脳内@建物探訪「渡辺篤史のこんな家に住みたい」講談社1998年刊 (p.116)

●建物探訪「渡辺篤史のこんな家に住みたい」講談社1998年刊
《設計の魔術! 斜めの間取りで広々空間M邸》(p.116)

                    【設計:増田政一】

1997年12月完成の住宅。
限られた土地に、広々住みやすく、風と光に溢れ、快適に暮らせるような家を
という、まるで不可能な夢を実現できる作家が、ここにもひとりいたという感じ。

気分が晴れる感じだ。

私が建築に興味を持ったのは、まさに、こういった心ある建築家が頭をひねって
それぞれのマジックを、個人住宅に展開してゆくからであった。
けれども、TVで取り上げられてしまう頃には、こうした夢の世界?は、
消費され、次第に荒らされ、原点は見失わされてしまうのではないだろうか。


さて。
1階は斜めに、つまり、四角の敷地に対角線の角度に車庫をとってある。
車庫の左右にドアがある。
左のドアは玄関。入ってすぐ、左右に階段が見える。
左側には2階に上る階段、
右は地階に下りる階段である。
まず、(脳内で)右側の下りる開段で地階にいってみよう。

階下には趣味室と寝室。
寝室の奥のクロゼットの奥には、あれれ? 螺旋階段がある。
(この螺旋階段は、二階にも通じている。このことを覚えていてね)
それを上ると、浴室である。浴室には車庫に出られるドアがある。
そこは外部になる。

で、その向いが玄関ドアだ。(振り出しに戻ったのだ)
再び玄関に入り、今度は左側の階段を上ってみよう。
二階にはリビングとダイニング。
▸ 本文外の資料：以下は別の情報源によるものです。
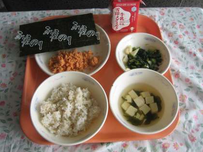 麦ごはん・牛乳・セルフおにぎりの具(うめさけ)・かまぼこと小松菜のいためもの・すまし汁・手巻きのり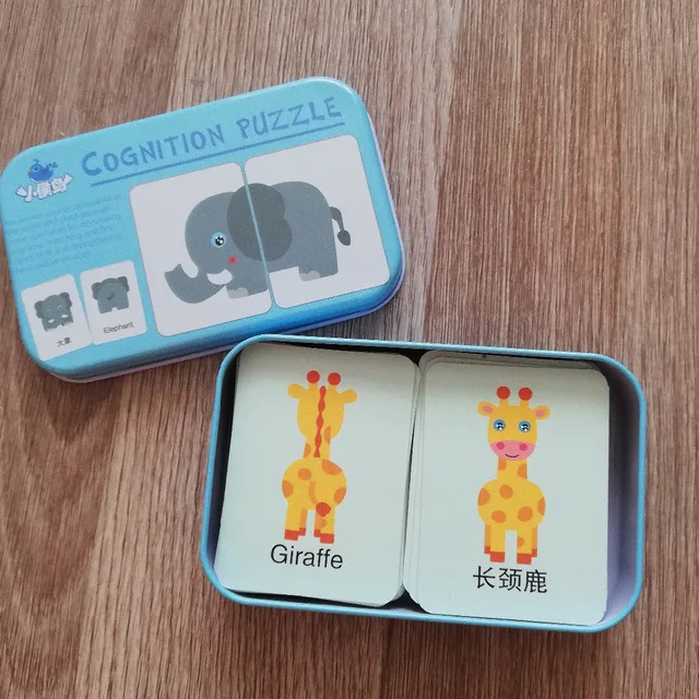 Детские Обучающие пазлы, игрушки для малышей, железная коробка, карты, совпадающая игра, когнитивные карточки, автомобиль, фрукты, животные, жизнь, пазл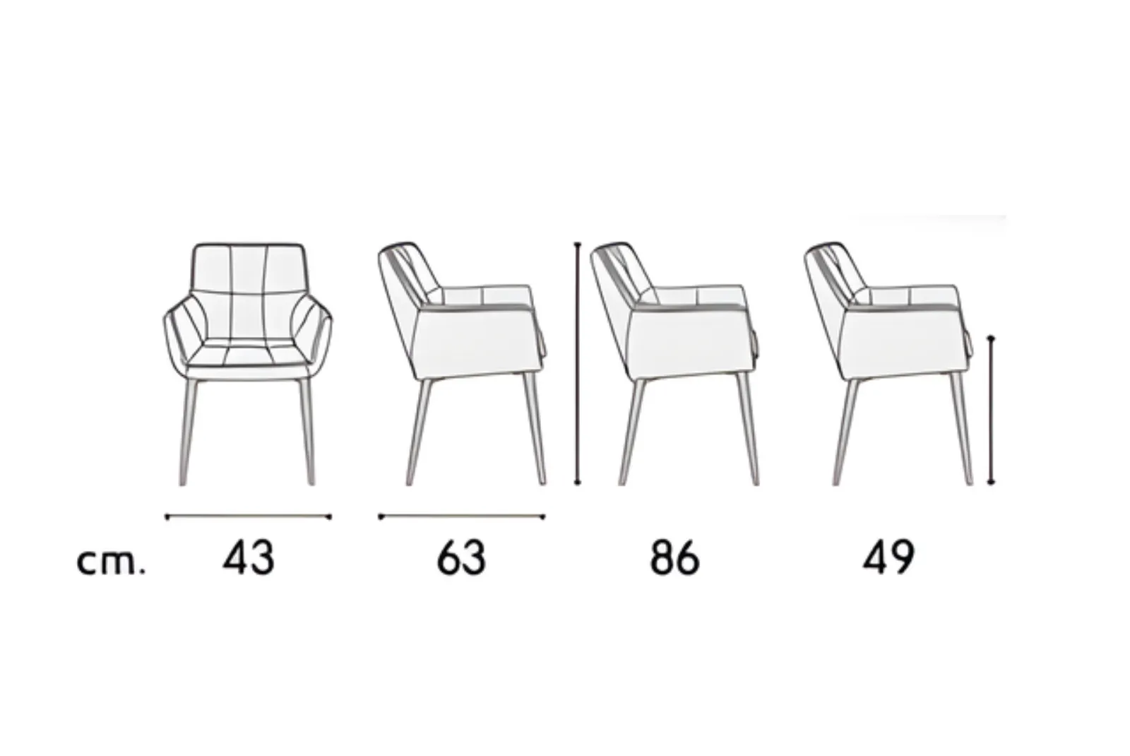 Larghezza 43 – Profondità 63 – Altezza 86 cm – Altezza sopra sedile 49 cm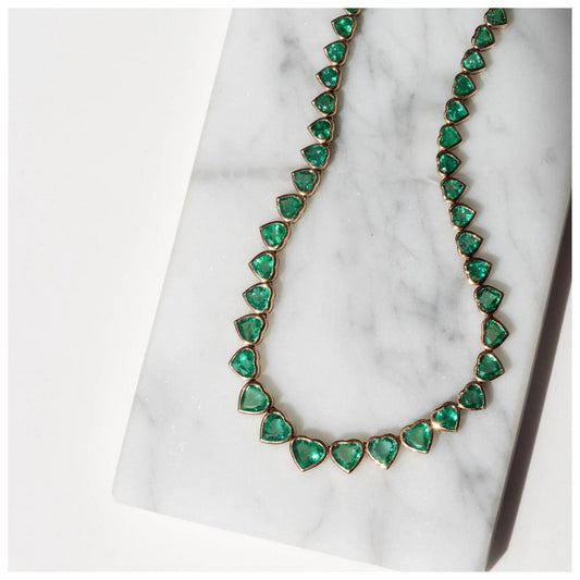 Heart Emerald 925 Sterling Silver Over in 14K Yellow Gold Plated Bezel Set Emerald Heart Tennis Necklace, Heart Emerald Necklace

奥にはキッチン。
キッチンの奥に螺旋階段がある。
ここから下りると、さきほどの1階の浴室につながっているのだ。

と書いても、わかりにくいなあと思う。
要は狭さの規制のある敷地を3層にして、立体的な動線のおかげで、ぐるぐる回れるので
広く感じられる工夫がしてあると言いたいのである。

家族が夫婦、子ども二人とあるが、子ども室は? と探していたら、リビングの横に
ロフトらしい階段があるからそこかな?
リビングにはデッキテラスに通じる畳敷きコーナーもある。

一階に6畳半くらいの台形和室があって、書斎にも客間にもなりそう。
地階の趣味室に水まわりもあって、シャワー室とかキッチンが後付けしやすそう。
ニ世帯住宅にもとの配慮らしい。

お年寄りがいたら、1階の和室にミニキッチンがあると便利だと思うが。